Arcturus variant likely not a game changer Neuman said the Arcturus variant is different enough from the current vaccine strains that it has the potential to evade them because “it’s about as different from Omicron as Omicron was different from Delta and so just like we saw the Omicron wave come through, there is at least the potential for that.”

Wachter doesn’t think the new variant will be a game-changer though. For one thing, enough people have immunity now so the possibility of a super-spreader event is unlikely.

“The vaccine and the booster still work reasonably well in about the same way that we have thought for the last 18 months or so.” Paxil still works reasonably well, your home test still works reasonably well, Wachter says.

“The risk of getting very sick is probably not any different now than it will be in 3 years… so we all have to come up with strategies that allow us to live our lives as fully as we can while mitigating the risks in a way that’s practical and sustainable. And that’s different than two years ago, when we were all trying to get through it,” he says. Wachter and Schaffner told reporters that they get boosted regularly. They are waiting for new vaccines that will be available in a few months for flu, COVID-19, and Respiratory Syncytial Virus (RSV).

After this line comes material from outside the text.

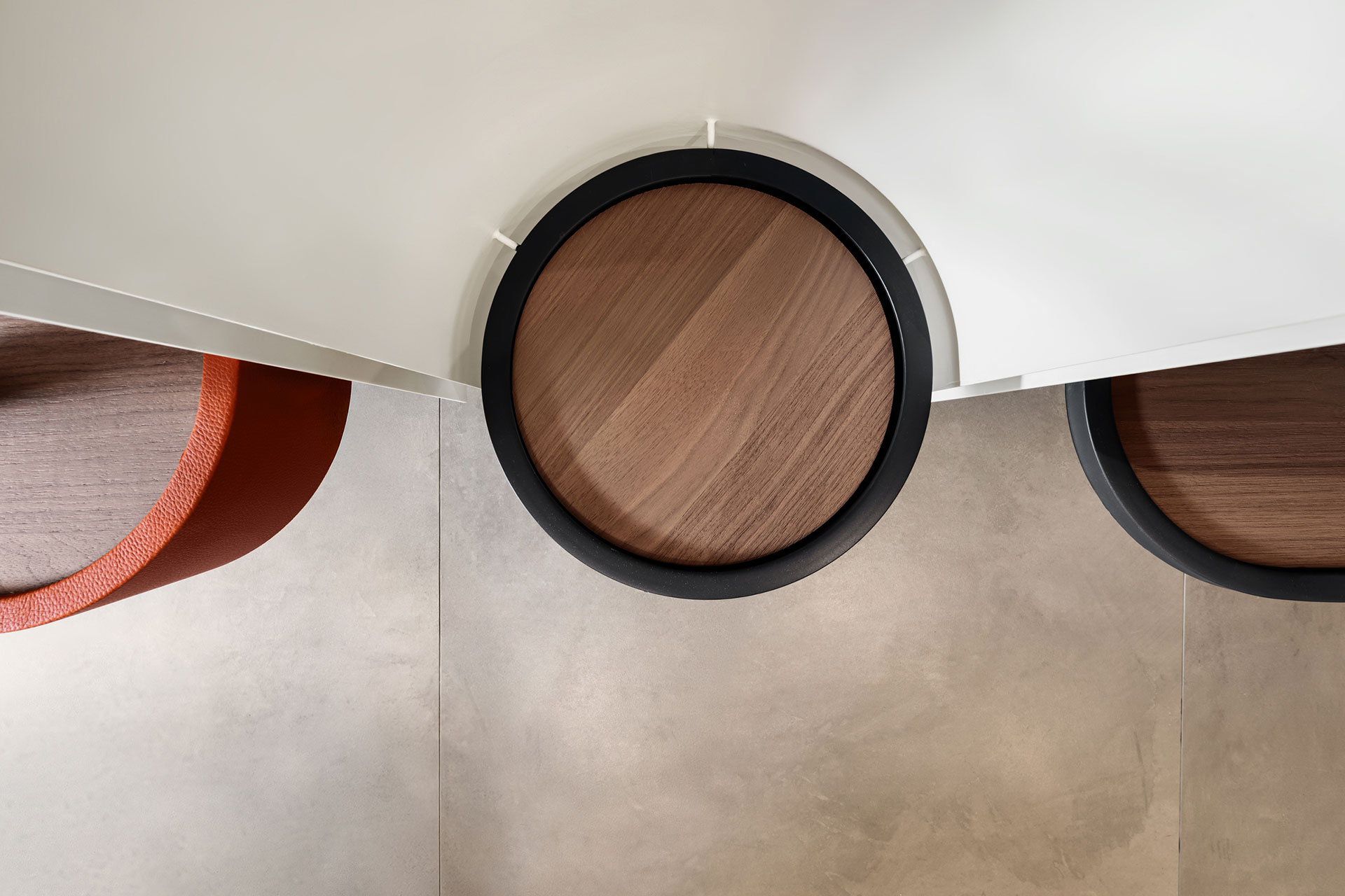 延續未來建築豎向半圓之特殊開窗形式,整個接待中心與樣品屋皆採曲面式造型設計,除了柔化室內空間之視覺體驗外,搭配細緻之細節設計,我們更想呈現出文藝復興年代,人們對美學與儀式感之空間價值觀與生活態度,讓人再次憶起數十年前孩童巷弄嬉戲奔跑之都市悠活空間情境。

Long COVID Dr. Robert Wachter, Professor and Chair, Department of Medicine at the University of California, San Francisco, discusses what medical professionals and researchers have learned about long covid and what they’re still working to understand.

For people who get re-infected, the danger of long COVID increases, especially for women. Wachter’s wife, a former reporter who now writes books, has long COVID and she is learning to live with it.

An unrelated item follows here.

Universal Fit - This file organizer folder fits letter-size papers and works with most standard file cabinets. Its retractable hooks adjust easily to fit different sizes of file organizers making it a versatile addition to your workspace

“A year ago she was not disabled in any way in terms of getting through her days. Certainly, many people have it worse than she does,” Wachter says. “But most days at about one or two in the afternoon, she will text me and say I’m hitting a wall. I need to take a nap. She never had to do that before.”

A little bit of brain fog is making her “a little less good than she was” but it’s a consolation to know what’s causing it, he says.